To make the way it works clearer, consider the example below. It consists of three files. The first one is a template which you would store at your repository. The second one is a private configuration not stored for security reasons. The third one deals with parsing. The files are inside a config package. The last file works as an entry point to it.

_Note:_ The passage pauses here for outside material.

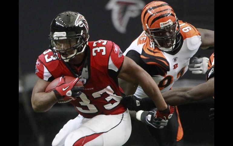 Deportes | Los Halcones supieron mantener su ventaja y ganan a Cincinnati por 39-32 Atlanta doma a los Bengalíes Los Halcones supieron mantener su ventaja y ganan a Cincinnati por 39-32 Por: AP 24 de octubre de 2010 - 15:31 hs Los Halcones de Atlanta Michael Turner (iz) son perseguidos por el defensor de Cincinnati Robert Geathers (der). AP / ATLANTA, GEORGIA (24/OCT/2010).- Roddy White tuvo el domingo un día espectacular para Atlanta: atrapó 11 pases para 201 yardas y lideró a los Halcones hacia una increíble victoria sobre los Bengalíes de Cincinnati por marcador de 39-32. Los Halcones (5-2) tenían ventaja de 24-3 al medio tiempo, pero la perdieron con dos entregas de balón y por la embestida de Cincinnati (2-4), que les anotó 22 puntos en el tercer cuarto. White puso a los Halcones al frente con su segundo touchdown, una recepción de 11 yardas al comienzo del cuarto período. Inmediatamente atrapó otro balón para conversión de dos puntos y así Atlanta tomó la delantera por 32-25. Luego de un balón suelto de Cedric Benson, Michael Turner anotó con una carrera de tres yardas para darle una ventaja de dos anotaciones a los Halcones. Chad Ochocinco acercó a los Bengalíes atrapando un pase de ocho yardas para touchdown, e intentaron hacer más daño con una patada corta, pero los de Atlanta recuperaron el balón. Temas NFL Futbol Americano Bengalíes de Cincinnati Halcones de Atlanta Recibe las últimas noticias en tu e-mail Todo lo que necesitas saber para comenzar tu día Registrarse implica aceptar los Términos y Condiciones

config/config.template.js:

module.exports = {
    port: 8000,
    aws: {
        accessKeyId: 'replacethis',
        secretAccessKey: 'replacethis'
    }
};

config/config.js:

module.exports = {
    port: 80,
    aws: {
        accessKeyId: 'actualid',
        secretAccessKey: 'actualkey'
    }
};

config/index.js:

var parseEnv = require('parse-env');
 
var tpl = require('./config.template');
 
// the configuration file is optional and doesn't have to exist
var conf;
 
try {
    conf = require('./config');
}
catch(e) {}
 
 
module.exports = parseEnv(process.env, tpl, conf);

The parser is convention based. It performs the following conversions:

  • parseJSON -> PARSE_JSON
  • port -> PORT
  • aws.accessKeyId -> AWS_ACCESS_KEY_ID
  • foo.bar.baz.gaz -> FOO_BAR_BAZ_GAZ (recursive definition)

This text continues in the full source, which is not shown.